Dec 23, 2015 9:39 PM
NH1 Political Director - NH1.com
FRANKLIN – Whether it’s by design or in reaction to criticism from rivals for the Republican presidential nomination, Marco Rubio’s stepping up his game when it comes to interaction with New Hampshire primary voters.
And in a one-on-one interview with NH1 News, the senator from Florida professed his love of retail politics, saying “it’s the part of the campaign that’s critical.”
Rubio spoke with NH1 News minutes after headlining a pancake breakfast at the VFW in Franklin on Wednesday. Rubio joined Franklin Mayor Ken Merryfield, who’s endorsed the senator’s presidential campaign, in serving pancakes and bacon to the crowd. Speaking to the audience, Rubio joked that “there’s not supposed to be any bribery in American politics but we’ll bribe people with pancakes and bacon all day if we have to.”
Rubio’s campaign originally told reporters that the senator would be serving breakfast, mingling with the crowd, and making brief comments, but not taking questions from the audience. But the campaign apparently called an audible as Rubio took more than a half dozen questions from the crowd.
The stop in Franklin was the last for Rubio in a three-day swing that included four other town hall style events.
While Rubio’s polling in the top three both in the first-in-the-nation primary state and in national surveys, he’s had to deal with the perception that he’s a lazy campaigner who hasn’t sufficiently personally reached out to court voters. New Jersey Gov. Chris Christie, a rival for the nomination who’s spent more time and held more town halls in the Granite State than any other candidate, took a dig at Rubio earlier this week over the senator’s campaign schedule in New Hampshire.
Asked if the stepped up pace of campaigning and interactions with voters in the Granite State was in reaction to criticism from Christie and others, Rubio told NH1 News “there are some candidates that are only running in one place and so they're there all the time. We are obviously running in multiple places. We want to be successful everywhere. But we've been here all week. We were here the day after the debate, we came straight here, and we'll continue to come back and we feel very good about our operations and our work here and where it's going to lead us in early February.”
Asked if he enjoys retail campaigning, Rubio answered “absolutely. In fact it’s where I come from, politically.”
“My first campaign ever was for a small city, West Miami, where I won by knocking virtually on every door in the city. And then during my time in the state legislature, those were retail campaigns, these districts, with only 100,000 people in them, and only about 10,000 voted. So it’s the part of the campaign that’s critical.
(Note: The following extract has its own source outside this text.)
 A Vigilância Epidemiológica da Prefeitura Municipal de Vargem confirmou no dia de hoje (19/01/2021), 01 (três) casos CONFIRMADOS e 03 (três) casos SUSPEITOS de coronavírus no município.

It’s one of the things that I like seeing. The next president of the United States has to begin by doing town hall meetings in places like New Hampshire, Iowa, and we look forward to doing more of that,” he added.
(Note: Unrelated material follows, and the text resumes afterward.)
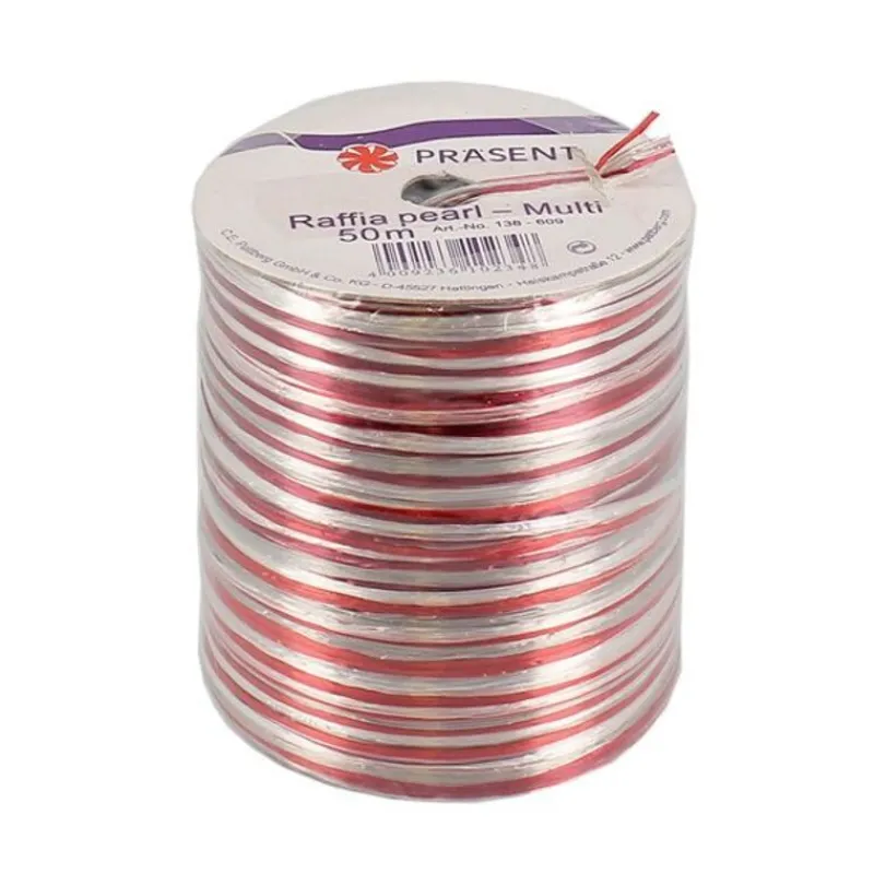 Bolduc Raphia Pearl rouge / argent 50 m

Rubio passes on criticizing Trump
Rubio’s swing through New Hampshire came as the feud between Republican presidential front runner Donald Trump and Democratic presidential front runner Hillary Clinton dominated national headlines.
After Clinton, at last weekend’s Democratic debate, said videos of Trump proposing to bar Muslims from entering the U.S. are being used by ISIS as a recruitment tool, Trump returned fire, using a crude sexual reference to describe her defeat in her 2008 bid for the White House.
Asked if Trump’s language was demeaning, Rubio said “I stopped a long time ago commenting on everything Donald Trump says because then I would do nothing all day.”
Rubio then took the fight to the Democratic front runner, saying “I think what we need to be asking is did Hillary Clinton say something that was out of bounds and absolutely she did. In that debate, not only did she lie about those videos being used to recruit ISIS, she said that people losing their health care coverage under Obamacare was a glitch and she said that the strategy on ISIS is working and we finally are where we need to be. It just tells you how out of touch they are on foreign policy and on the issues happening in this country.”
Rubio’s trip also came as another defense hawk running for the GOP nomination, Sen. Lindsey Graham of South Carolina, ended his longshot White House bid.
Rubio told NH1 News that “we’ve talked to some of his supporters. We haven’t talked to Lindsey. Obviously he was a strong voice for national defense in this debate and will continue to be in the U.S. Senate. I haven’t talked to him personally yet, but we’ve talked to many of his supporters, some of whom have come on board.”
Rubio was joined during this latest campaign swing by his wife Jeanette and his children.
Asked if Granite States will see more of his family, Rubio said “we’d love to bring them back. Obviously they’re in school, they’re young kids, and we don’t want to hold them back there, but we’re going to look for every opportunity to bring them. They enjoy coming, they love coming. They wanted to see snow but it feels like Florida here. So I’ll have to bring them back in January or February when it is more wintry.”
While his family may not be back immediately, Rubio will return to New Hampshire very soon. NH1 News was first to report on social media that the senator will return in about a week and a half.